Today
James Turk spoke with King World News about Germany repatriating their
gold and the impact on the gold market. He also discussed the recent
price action in both gold and silver. Here is what Turk had to say: “By
now most people have heard that a newspaper in Germany has reported
Germany will be repatriating gold held in France and the United States.
If true, an upcoming Bundesbank announcement has the potential to send
shock-waves through the gold community.”
James Turk continues:
“We just have to wait and
see exactly what the Bundesdbank says tomorrow about their plan
regarding gold repatriation. The key here is that although the
newspaper in Germany is considered credible, the reality is that we need
to see an official statement from the Bundesbank.
The question here has
always been, how much gold has the United States leased out? In other
words, how much gold has already left the vaults and been sold into the
market?
“I will have more to say as soon as an
official announcement hits the wire. In the meantime, it is a very
important indicator of market strength to see gold again moving above
over-head resistance in the $1670s, with silver at the same time trying
to confirm its breakout through its resistance level at $31.
It was only seven days ago,
Eric, that gold was pummeled all the way down to $1625, while silver
was smashed to $29.25. So both precious metals recovered from that
one-day downdraft very quickly. We now know it was a head-fake, which
provides us with a clear example of how the central planners work.
They use the paper market
to gun for stops at critical levels. These were critical levels because
the prices were just below the December low in both gold and silver.
So they were price levels that were just loaded up with protective
sell-stops.
These sell-stops are
sitting ducks when you have essentially unlimited resources to move the
paper market. In other words, the central planners and their agents can
pull-off these raids by loading up their commitments by selling gold
and silver through various derivatives, which are off their balance
sheet and therefore hidden from view. The central planners and their
agents then cover as many of their shorts as possible and take big
profits by buying all the paper from traders getting stopped out of
their positions as their sell-stops are hit.
But here's the important
point, Eric, and it is one we have seen time and again over many years
now: There is a real limit as to how far the price of gold and silver
can be driven by these deliberate paper market interventions. Given how
quickly the precious metals have bounced, it seems to me that this
limit was reached for gold and silver at $1625 and $29.25 respectively.

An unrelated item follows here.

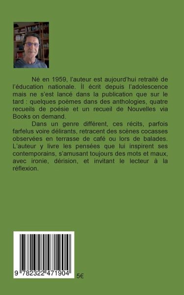 Scènes de terrasse de café où les pensées du narrateur se nourrissent de l'observation pour en garder les moments cocasses. Puis ses pensées se poursuivent au bord de l'eau, en ville, chez sa couturière, pendant le confinement. Pensées tantôt farfelues, tantôt délirantes, souvent tendres, s'amusant toujours des mots. Calembours, invitant souvent à la réflexion. Non sens, ironie, dérision. Rire pour ne pas pleurer...

These price levels represent the new floor in the precious metals
market. At those prices, the demand for physical metal simply
overpowers the selling from the central planners and their agents.
Now that we are at the
beginning of a new year, I would also like to make a point, Eric, that
looks at the big picture. I want to draw a comparison to 2005, 2006 and
2007. In those three years, gold rose 18.2%, 22.8%, and 31.4%
respectively. Together they represent a huge move upward for any
market, and big moves result in corrections. We got that in 2008 with
the selling of gold and silver surrounding the Lehman collapse, but when
all was said and done, it wasn't much of a correction. Although silver
ended the year lower, gold actually rose 5.2% in 2008. Now compare
these years to what we have just gone through.
Both gold and silver did
very well in both 2009 and 2010. We can correctly say that silver
actually soared, rising 49.3% and 83.7% respectively in those two
years. It was another big move. So again, the precious metals
corrected. Silver dropped 9.8% in 2011, but rose 8.2% in 2011. Gold
actually rose both years, 10.2% and 7.0% respectively. So looking back,
we can say that the precious metals were simply correcting the big
gains in prior years, just like they did earlier in the decade.
And when you look at this
performance unemotionally over the sweep of years, we can conclude that
the 2011-2012 correction was hardly a correction at all. The precious
metals basically moved sideways within a trading range, and here's the
important point, this type of sideways movement is a sign of strength.
After all, look what gold and silver did after what was essentially a
sideways correction in 2008.
So we need to ask
ourselves, Eric, will history repeat? Will gold and silver follow the
same pattern twice-repeated over the past decade so that we can expect
outsized price gains in the precious metals the next two years? Yes, I
think so because gold and silver remain undervalued, and the world's
monetary and financial problems have not been solved. The correction is
now over, the new floor is in place, and investors should expect to see
spectacular moves for gold and silver over the next two years.”